Cryo-electron microscopy and x-ray scattering of chlorosomes from green sulfur bacteria: evidence for lamellar organization of bacteriochlorophyll aggregates. Jakub Psencik*,1, Teemu Ikonen2, Pasi Laurinmäki3, Michael Merckel4, Sarah Butcher3, Ritva Serimaa2, Roman Tuma3, 1 Department of Chemical Physics and Optics, Prague 2, Czech Republic2 Division of X-ray Physics, Helsinki, Finland3 Institute of Biotechnology & Department of Biosciences, Helsinki, Finland4 Helsinki Bioenergetics Group, Helsinki, Finland

ABSTRACT- Chlorosomes of green photosynthetic bacteria constitute the most efficient light harvesting complexes found in nature.
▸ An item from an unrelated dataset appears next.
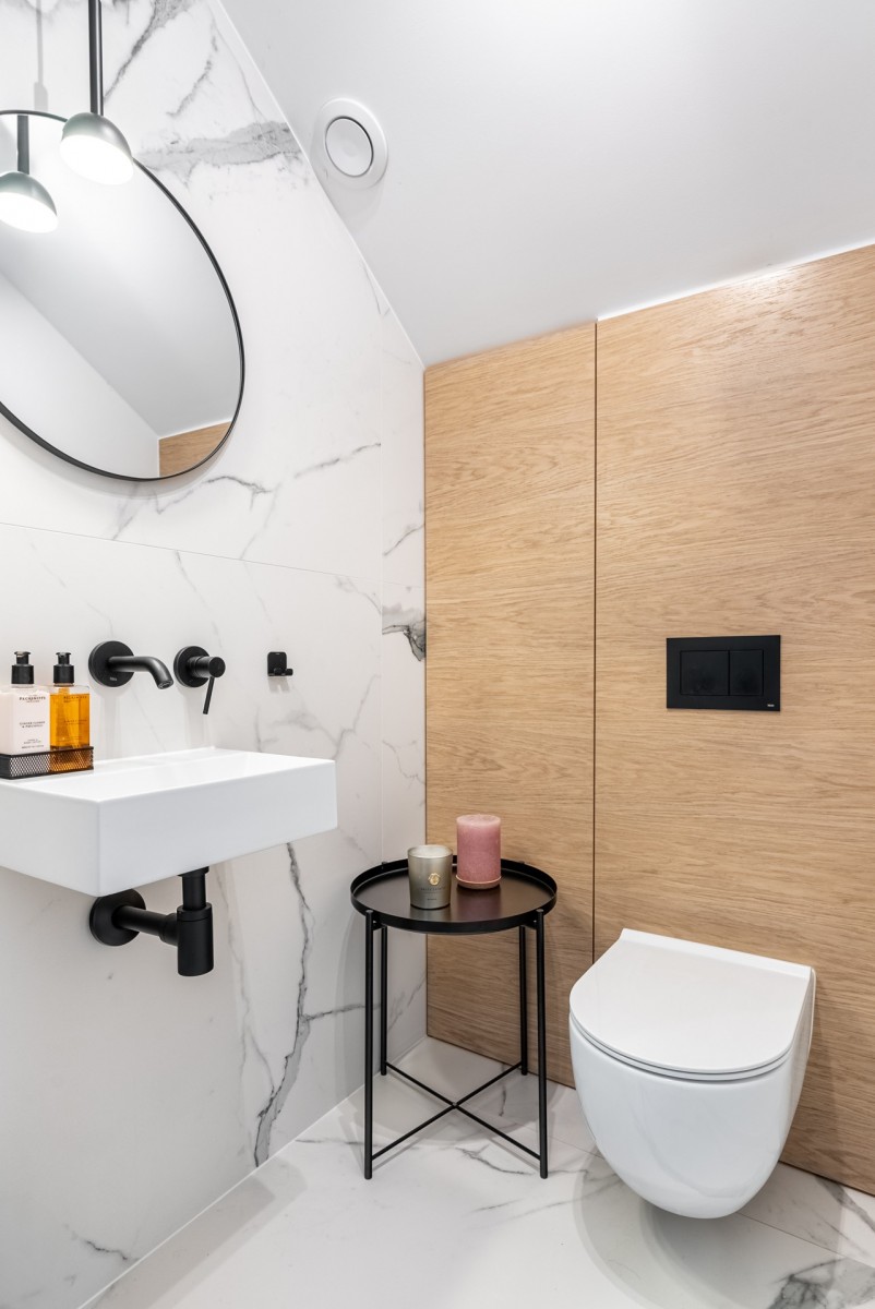 Na dole domu, tuż przy schodach jest małe WC, również tam właściciele zadbali o detale tj. nowoczesne oświetlenie czy dobrą armaturę ( firma HushLab), jest również instalacja zmiękczająca wodę.

In addition, the chlorosome is the only known photosynthetic system where the majority of pigments (bacteriochlorophyll, BChl) is not organized in pigment-protein complexes but instead is assembled into aggregates. Because of the unusual organization, the chlorosome structure has not been resolved and only models, in which BChl pigments were organized into large rods, were proposed on the basis of freeze fracture electron microscopy and spectroscopic constraints. We have obtained the first high-resolution images of chlorosomes from the green sulfur bacterium Chlorobium tepidum by cryo-electron microscopy (EM). EM images revealed dense striations ∼2 nm apart. X-ray scattering from chlorosomes exhibited a feature with the same ∼2 nm spacing. No evidence for the rod models was obtained. The observed spacing and tilt-series EM projections are compatible with a lamellar model, in which BChl molecules aggregate into semi-crystalline lateral arrays. The diffraction data further indicate that arrays are built from BChl dimers. The arrays form undulating lamellae, which, in turn, are held together by interdigitated esterifying alcohol tails, carotenoids and lipids. The lamellar model is consistent with earlier spectroscopic data and provides insight into chlorosome self-assembly.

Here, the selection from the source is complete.